About this task:
Each line below must be transcribed exactly, and no picture may appear in the transcription.

Data extract:
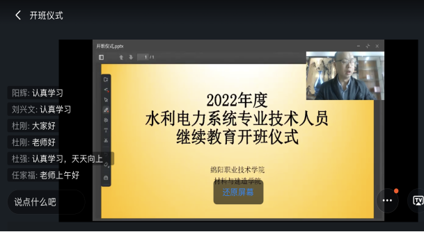 为大力推进全市专业技术人才知识更新工程,持续提升全市专业技术人才队伍综合素质,为绵阳市经济发展和社会进步提供人才保证和智力支持,williamhill威廉希尔官网于5月16日举行绵阳水利电力系统专业技术人员继续教育开班仪式。此次培训班由绵阳市水务局组织,授课方式采用线上教学。
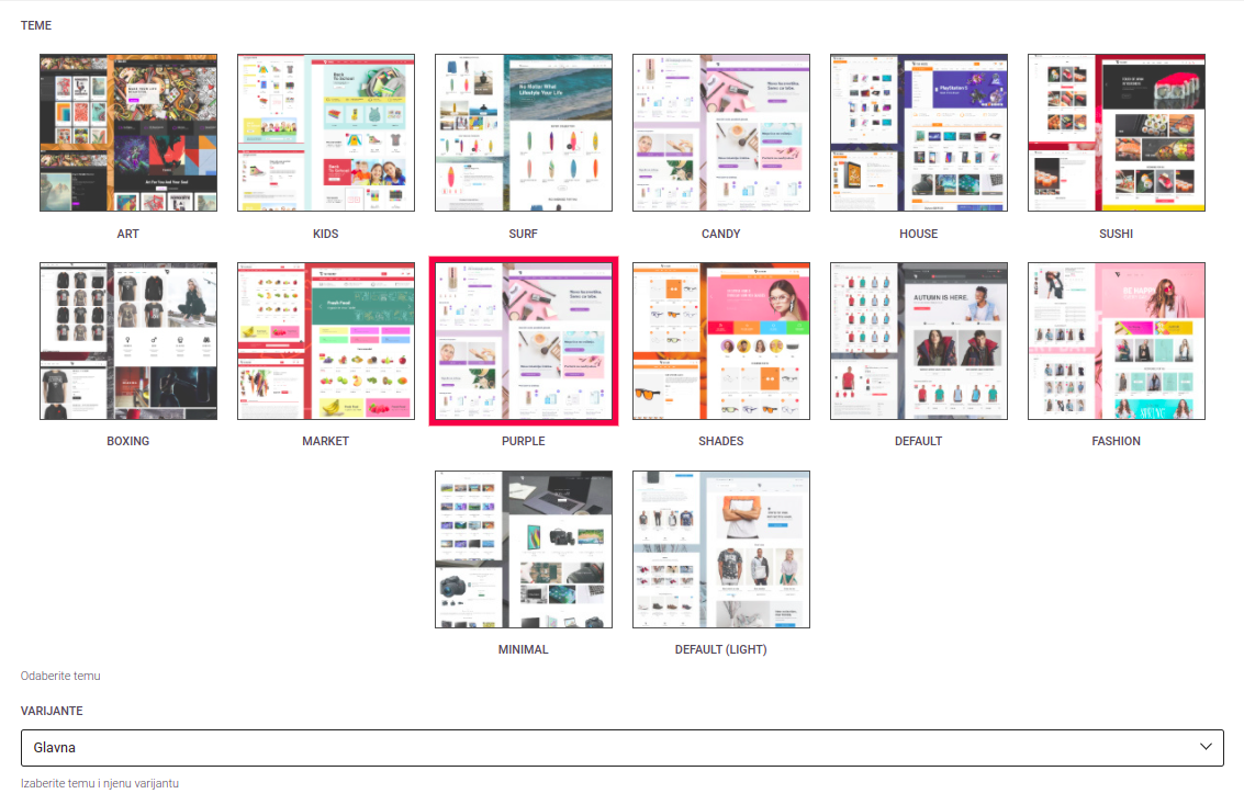 TAU Commerce dolazi sa mnogo unapred instaliranih tema. Da biste primenili druge teme, potrebno je da nakon odabira nove, sačuvate podešavanja. Promena tema neće uticati na Vaše podatke. Mnoge teme imaju više varijacija boja od kojih možete odabrati svoj izgled. Ukoliko Vam je potrebna prilagođena tema, ne ustručavajte se da nas kontaktirate putem support@taucommerce.com i biće nam zadovoljstvo da vam pružimo temu koja odgovara vašim potrebama.
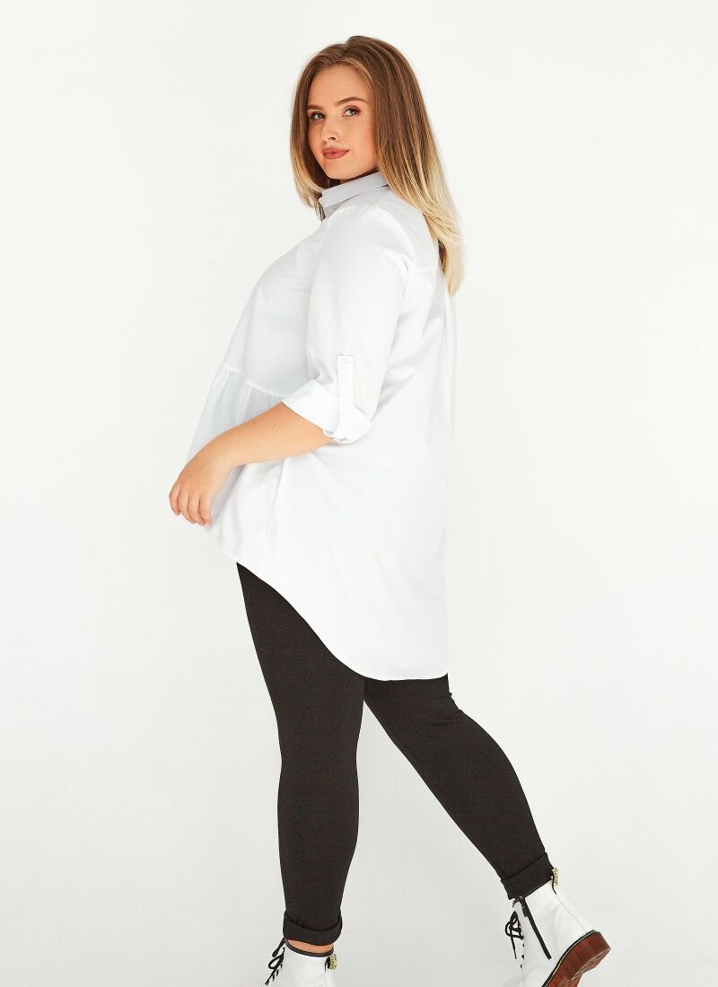 White shirt with a loose fit. Original design with an elongated back and a turn-down collar. In the front part, the model is complemented by a shuttlecock on the bottom edge. Adjustable sleeves. The shirt will add a romantic accent to your business look.

Exercise output:
 为大力推进全市专业技术人才知识更新工程,持续提升全市专业技术人才队伍综合素质,为绵阳市经济发展和社会进步提供人才保证和智力支持,williamhill威廉希尔官网于5月16日举行绵阳水利电力系统专业技术人员继续教育开班仪式。此次培训班由绵阳市水务局组织,授课方式采用线上教学。
 TAU Commerce dolazi sa mnogo unapred instaliranih tema. Da biste primenili druge teme, potrebno je da nakon odabira nove, sačuvate podešavanja. Promena tema neće uticati na Vaše podatke. Mnoge teme imaju više varijacija boja od kojih možete odabrati svoj izgled. Ukoliko Vam je potrebna prilagođena tema, ne ustručavajte se da nas kontaktirate putem support@taucommerce.com i biće nam zadovoljstvo da vam pružimo temu koja odgovara vašim potrebama.
 White shirt with a loose fit. Original design with an elongated back and a turn-down collar. In the front part, the model is complemented by a shuttlecock on the bottom edge. Adjustable sleeves. The shirt will add a romantic accent to your business look.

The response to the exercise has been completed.